# Lab 3: Building an Image Classifier from Scratch

The main goal of this lab is to create an image classifier from scratch using the Keras package. You will create a binary classifier based on an object type of your choice. The classifier will accept images and then predict whether or not a given image contains that object. For example, if you chose your object to be a cat, then the classifier would accept images and predict 1 if it believes there is a cat in the image or a 0 if not. 

You will build and train a classifier in two ways: 
- first using the original data set that you create, and 
- second, using data augmentation techniques. 

**Grading:** 

50% of the grade will come from error-free code that accomplishes all the steps outlined in the instructions for each part of this lab and written in Python/Keras. The other 50% will come from the comments associated with that code, where the comments explain what the code is doing and why it is important to the overall objective. Thus, comments like "split the data" or "train the model" would receive a grade of 0 as they do not indicate any understanding.

**Research Required:** 

To complete this lab successfully you will need to some research. At the very least, you will need to implement the `ImageDataGenerator` class and the `.flow_from_directory` methods that can be reviewed in the [Keras documentation](https://keras.io/api/preprocessing/#image-data-preprocessing). You may also find it helpful to use `os` package (which you already have installed) as that let's you work with files and folders similar to using the command line interface (use `import os` to get access to these commands). For example, to get your current working directory you would use: 
```python
import os

os.getcwd()
```

**What to submit:**
- A copy of this notebook with:
    - Error-free code in Python/Keras
    - All code cells executed and output visible
- Include a zipped file of your images



## Part 1: Prep Work
### Choose an Object

You may choose any object other than a cat. Try to think of an object that is readily available for taking pictures and, preferably, outdoors, as that will add to the natural variability to the data.

### Create a Dataset

Take 80 pictures of the chosen object and 80 pictures of other things that are not your object. Each group member should supply a roughly equal number of pictures so as to increase variability in your dataset. 

From these 160 images you will create a training set (50 object/50 not object), a validation set (15 object/15 not object), and a test set (15 object/15 not object).

It's best if your dataset is diverse, so take pictures of the chosen **object** with, for example, different lighting, from different angles, different distances from camera, different examples of the same type of object. Similarly for the **not object** images: try to include a variety of objects in different ways. 

You will then need to organize your dataset into folders so the images can be read directly from a Jupyter notebook. 

## Part 2: Using the Original Data

### Dataset Verification

You should verify that the training, validation, and test sets have the correct number of images (the `os` functions should help with this) and that the data is organized in a folder structure that will work with your image data generators. 

### Dataset Loading and Processing with Image Data Generators

You should now create image data generators for your training, validation, and test datasets that will allow you to feed them into your model in batches. The images should be resized to 148x148 pixels and scaled so all pixel values are between 0 and 1. 

You should then use the training data generator to print out some examples of the training images and corresponding labels. (`matplotlib` should work for this and the fact that an image data generator has a `.next()` method.) 

### Create and Evaluate a Model

Build a convolutional neural network and use the validation loss and accuracy to select the best architecture and hyperparameters so that you can maximize the validation accuracy. 

Any overfitting should be addressed; that is, if your model begins overfitting after epoch 3, you should not quote validation accuracy after epoch 15. And, appropriate attempts should be made to reduce/eliminate the overfitting to improve overall model generalizability. 

### Report Accuracy on Test Set 

Your final step is to make predictions using the test set and report the final test set accuracy. It may be helpful to use `batch_size=1` for this step. 
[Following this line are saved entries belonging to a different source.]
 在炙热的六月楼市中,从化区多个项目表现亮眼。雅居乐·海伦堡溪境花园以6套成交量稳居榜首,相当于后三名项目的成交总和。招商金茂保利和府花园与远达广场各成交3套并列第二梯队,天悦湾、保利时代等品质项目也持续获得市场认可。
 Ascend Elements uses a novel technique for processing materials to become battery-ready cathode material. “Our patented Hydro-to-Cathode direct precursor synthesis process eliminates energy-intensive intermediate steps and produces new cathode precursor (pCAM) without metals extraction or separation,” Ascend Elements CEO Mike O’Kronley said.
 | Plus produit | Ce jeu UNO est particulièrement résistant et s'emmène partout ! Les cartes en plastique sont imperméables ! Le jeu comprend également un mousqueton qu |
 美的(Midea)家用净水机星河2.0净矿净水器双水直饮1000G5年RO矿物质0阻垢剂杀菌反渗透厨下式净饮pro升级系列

## Part 3: Using Data Augmentation

### Dataset Verification

You should verify that the training, validation, and test sets have the correct number of images (the `os` functions should help with this) and that the data is organized in a folder structure that will work with your image data generators. 

### Dataset Loading and Processing with Create Image Data Generators

You should now create image data generators for your training, validation, and test datasets that will allow you to feed them into your model in batches. The images should be resized to 148x148 pixels and scaled so all pixel values are between 0 and 1. 
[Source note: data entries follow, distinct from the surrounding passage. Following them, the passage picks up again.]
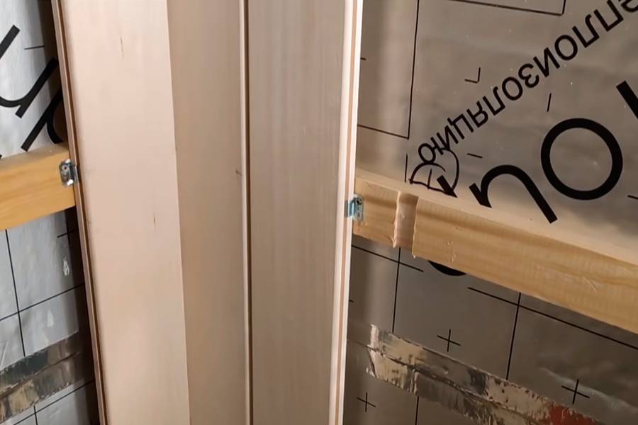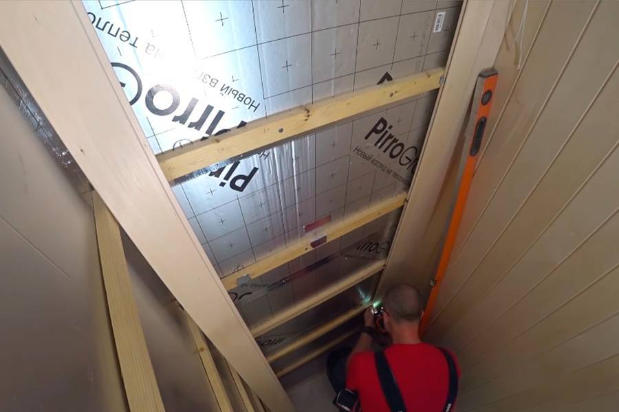 Устанавливается входная дверь. Укладывается пароизоляция, для это используется пергамин или иной соответствующий этим целям материал. Во внутреннее пространство каркаса закладывается утеплитель (минеральная вата или пенопласт). Выполняется отделка внутреннего пространства сауны. Для этого используется вагонка или пиломатериал с высокой степенью обработки (строганый, без сколов и повреждений). Крепление каркаса к стене выполняется при помощи анкерных болтов, а элементов каркаса между собой – саморезами с использованием монтажных уголков и пластин. Выполняется установка вентиляционной решетки и соединение ее с системой вентиляции помещения в месте установки сауны. Устанавливается электрическая печь
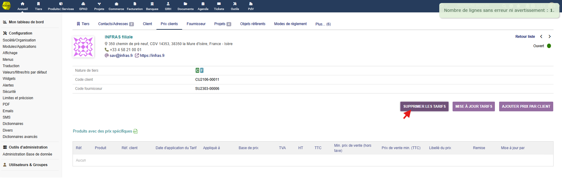 3.SUPPRIMER LES TARIFS D'UNE FILIALE
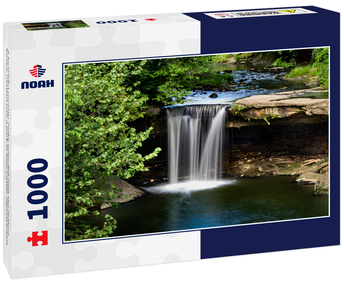 A beautiful creamy, milky waterfall with the motion frozen, nestled into a park in New Castle, Pennsylvania
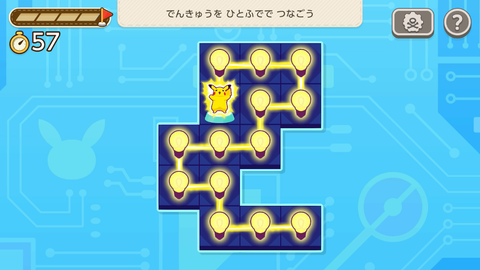 スタートのピカチュウから一筆で電球を繋いでいく問題
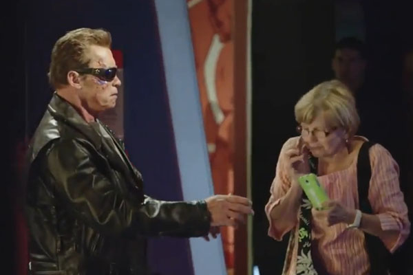 據英國《每日郵報》報導,阿諾舒華辛力加(Arnold Schwarzenegger)早前化身其經典角色未來戰士T-800,於洛杉磯杜莎夫人博物館扮蠟像,他於自己的Youtube頻道中上傳了有關影片。片段中他扮成蠟像,當市民意圖走近「蠟像」拍照時,突然說話及伸手擁抱市民,令他們又驚又喜。阿諾亦於荷里活街頭走入人群,以電影對白和情節與途人開玩笑,大受市民歡迎。
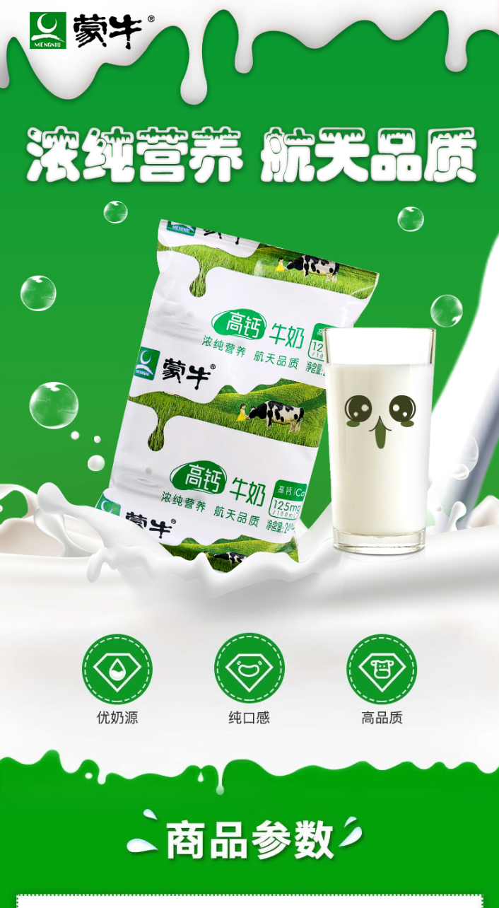 品名:蒙牛高钙牛奶利乐枕

### Add Data Augmentation 

You should now add data augmentation to your training data generator. All available types of augmentation should be used. 
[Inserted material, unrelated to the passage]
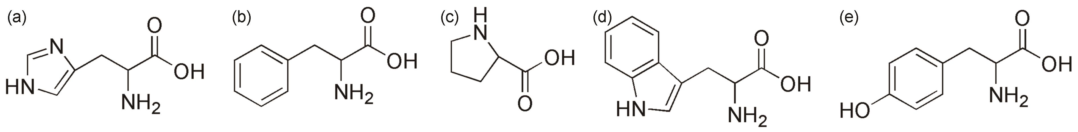 | 图1 组氨酸、苯丙氨酸、脯氨酸、色氨酸以及酪氨酸的分子结构图 |
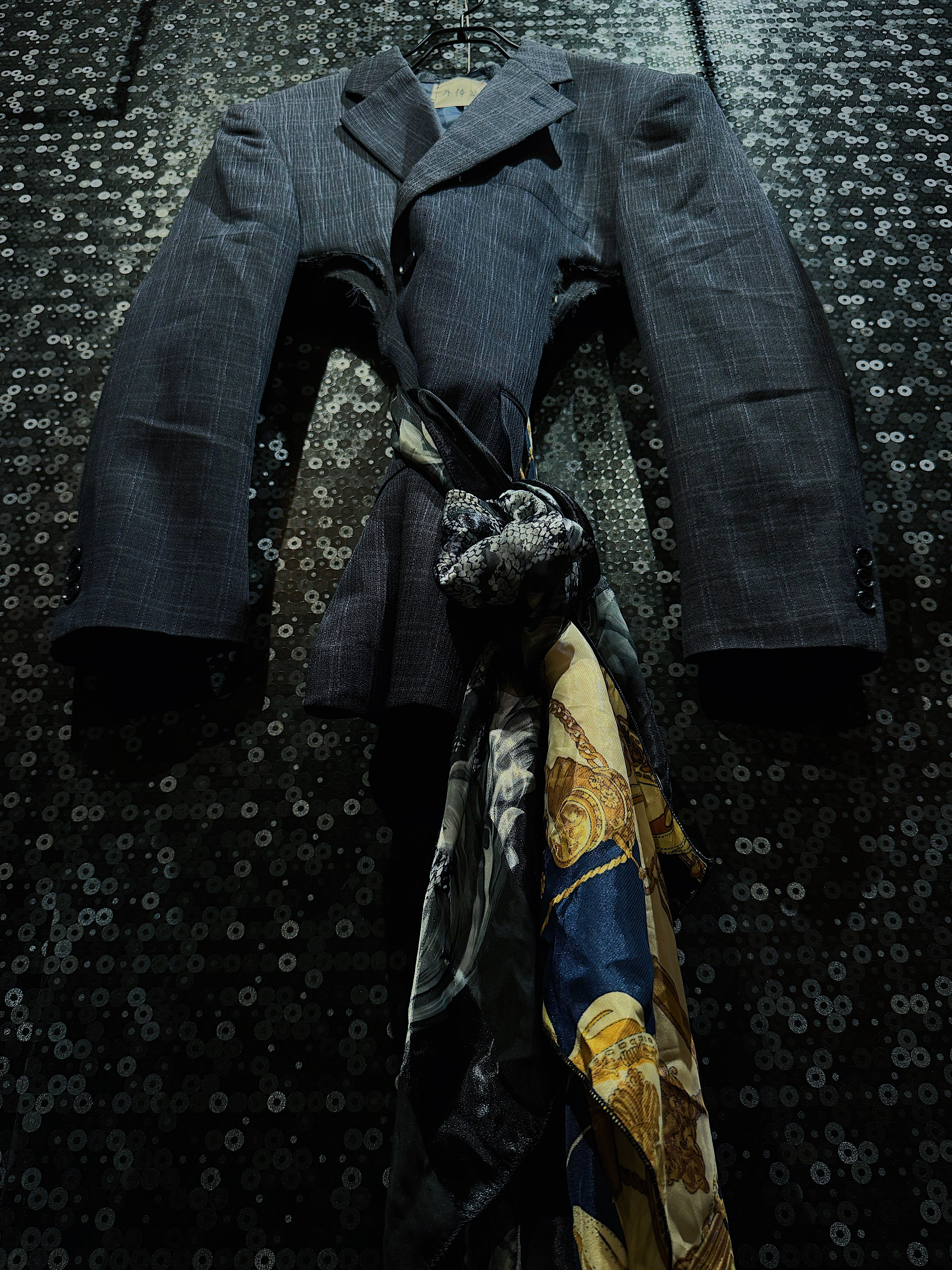この再倖築テーラードジャケットは、従来のジャケットデザインを大胆に再構築し、革新的なシルエットへと生まれ変わらせた一点もの。

Print an image and examples of the same image augmented in different ways. (The `.load_img()` and `.flow()` methods may be helpful here.)

### Create and Evaluate a Baseline Model

Use the best model from **Part 2** to train with the augmented data and evaluate on the validation data to get a baseline accuracy for the new model trained on the augmented dataset. 

### Tune the Model

With a more complex training set, you may be able to improve the accuracy through adjustments to the baseline model architecture and tuning the hyperparameters. 

### Report Accuracy on Test Set 

Your final step is to make predictions using the test set and report the final test set accuracy. It may be helpful to use `batch_size=1` for this step.